Бунт капитанов

Александр Антоненко
«- Вот значит, приоткрываю я это глаза…, а они уж тут, как тут! Стоят вокруг кровати. А тот, страшнючий…, что у них за главного, хрипит, показывая  на меня пальцем: «Кончайте его!». Вижу — они уже дверь от меня загородили  и стягивающеюся дугою крадутся ко мне... Взвился я, локтем в окно — бряк!  Высадил его вместе с подраминой и — ходу, и ходу...

Они за мною, однако. Догнали всё же, подлецы — у колодца, окружили. Я  им: «Не подходите... сигану в колодец!». А тот гнусавый с кривыми рогами: 

- Врёт он всё! Не сиганёт — ни в жизть! Кончайте...!

Ну, тут-то я и прыгнул в колодец! А как уж вытащили меня оттудова, так и  отправили прямо в психушку».
 
Эту историю, в которой достала его белая горячка, поведал нам Николай в  первый же день знакомства. Рад, без памяти, что нашлись свободные уши! А уж  это, поверьте, для него, большого любителя поговорить — редчайшая удача,  ведь на сотни километров в округе ни единого человеческого жилья. Своим же соседям по нарам он уже настолько проел плешь своими россказнями, что те на полном серьёзе грозились удавить его, если ещё хотя бы раз упомянёт о  «белочке».

Нет, они вовсе не были такими уж кровожадными, и по первости с  большим интересом выслушивали все его повествования, но потом  сменившиеся  обстоятельства повергли их в глубокое уныние и отчаяние.  Только Николой, благодаря своей поразительнейшей приспособляемости к жизни в различных условиях и врожденной склонности легко относиться ко  всяческим превратностям судьбы, которая, надо признаться, его отнюдь не  жаловала, по-прежнему оставался невозмутимым и жизнерадостным. Или, во всяком случае, внешне производил такое впечатление.
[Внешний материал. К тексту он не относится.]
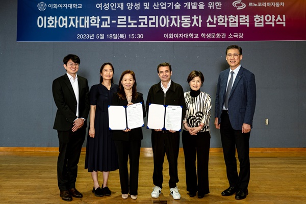 이날 협약식에서 르노코리아 박정완 인사본부장과 이화여자대학교 백지연 인재개발원장은 여성 인재 양성을 위한 프로그램 운영 등을 담은 산학협력 협약서에 서명했다.
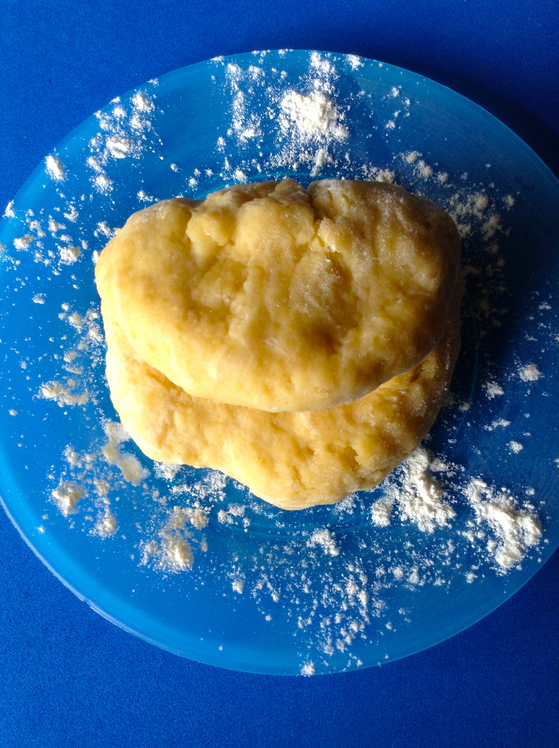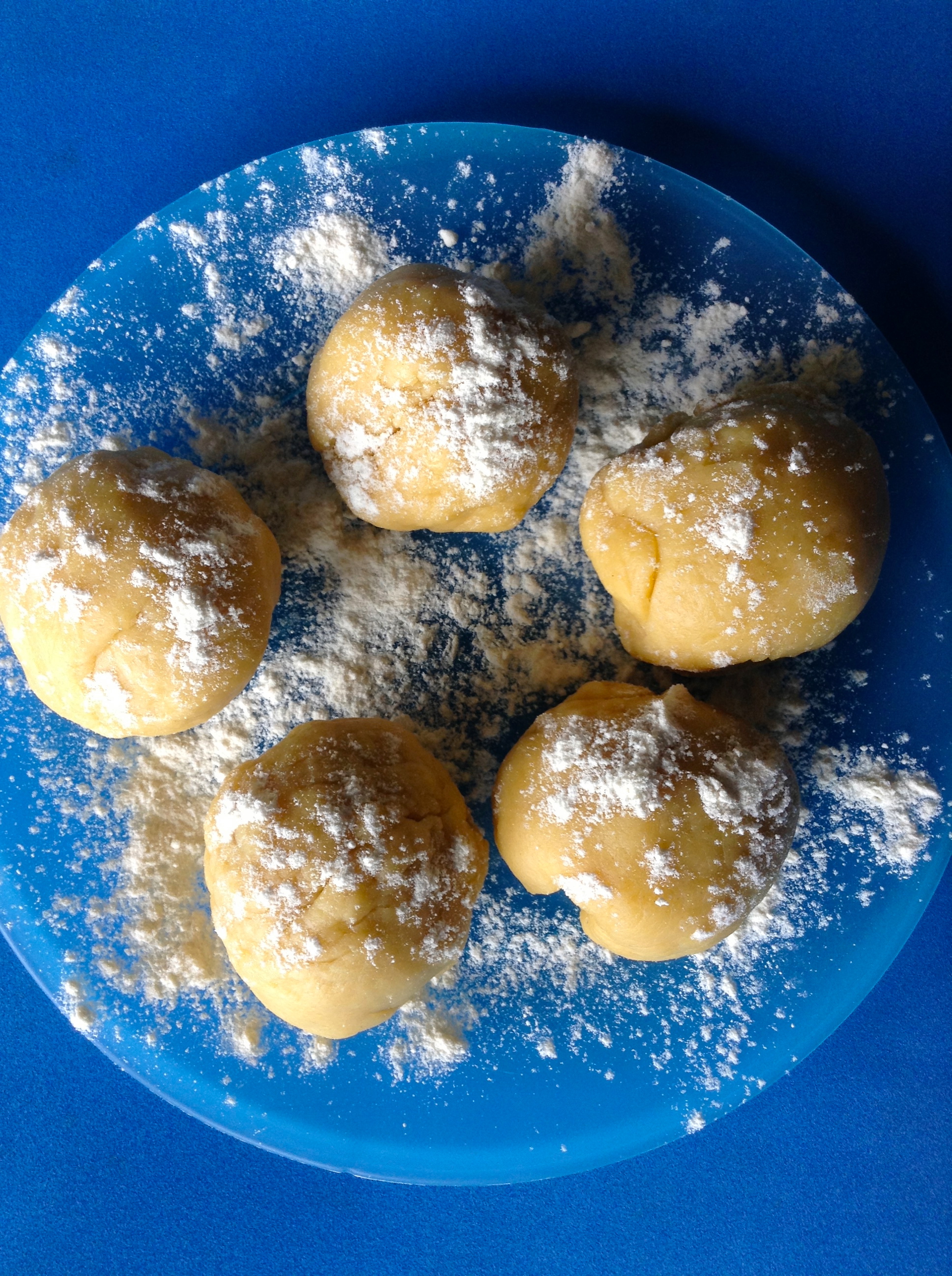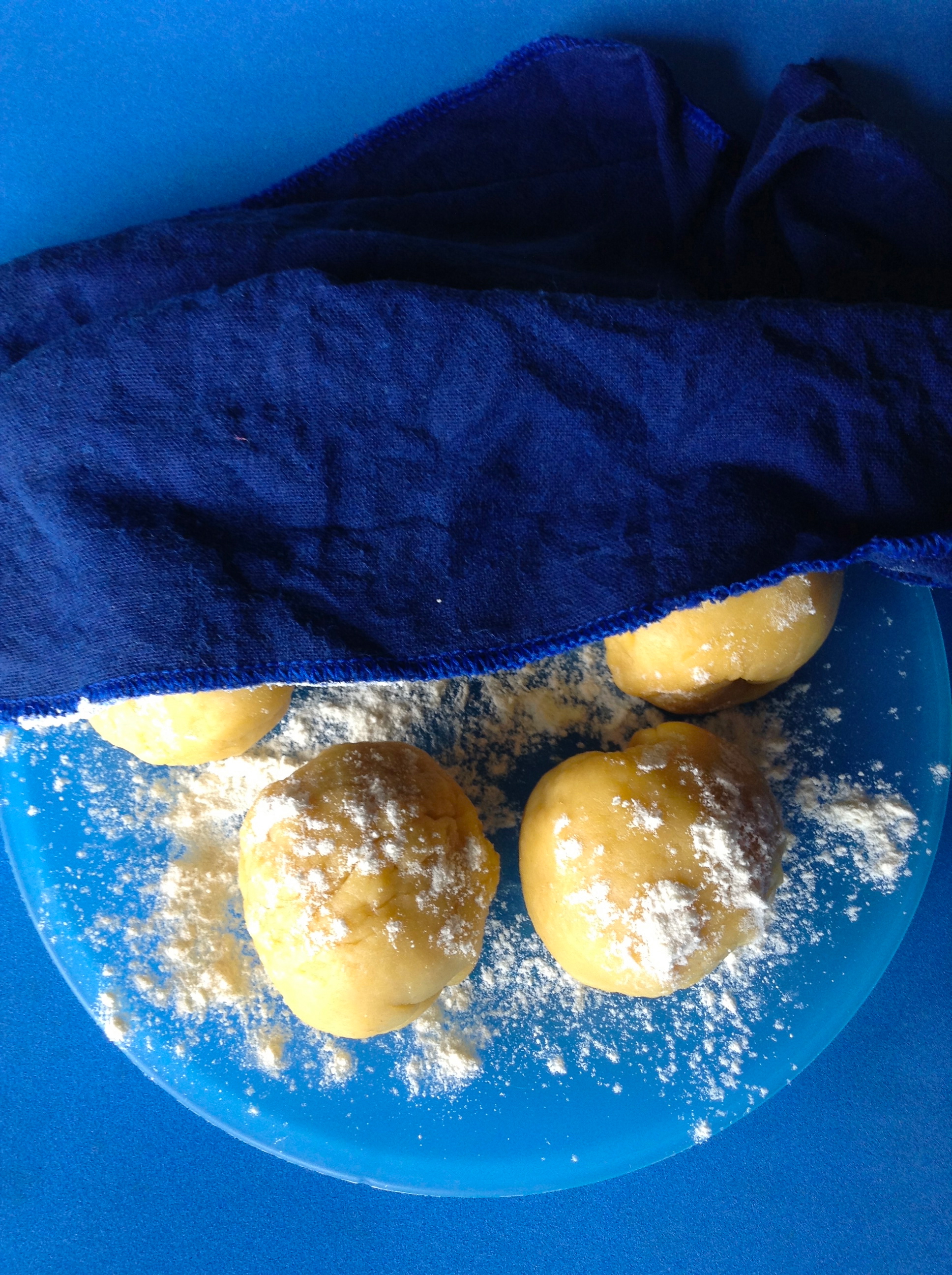 Cuando consigo una mezcla homogénea, amaso desde el centro hacia afuera, doblando cada vez por la mitad, hasta formar un bollo suave pero firme. Hago unas bolitas, las cubro con un paño húmedo y lo dejo reposar de 15 a 30 minutos.

Повстречались же мы с ним далеко за полярным кругом на фактории Усть-Юрибей, что на самом западном окоёме Ямала, почти четверть века тому назад. Очень  многих, вероятно, само понятие «фактория» уводит в далёкое прошлое  «Дикого Запада» Фенимора Купера и Джека Лондона. На самом же деле  фактории сохранились и по настоящее время.
 
В малонаселённых районах заполярья, где кочуют со стадами северных  оленей местные аборигены, эти фактории предоставляют им продукты и  охотничьи припасы в обмен на шкуры и мясо. Располагаются эти объекты, как  правило, на пересечении кочевых троп, представляя собой жилой дом с  магазином и несколько складских помещений. В зависимости от  товарооборота, обслуживаются фактории либо семейной парой, либо супругам  придаются в помощь несколько наёмных работников. Усть-Юрибей — большая фактория и здесь сезонно подкармливались ещё  четверо работников, разными судьбами заброшенных в эту дремучую глушь.   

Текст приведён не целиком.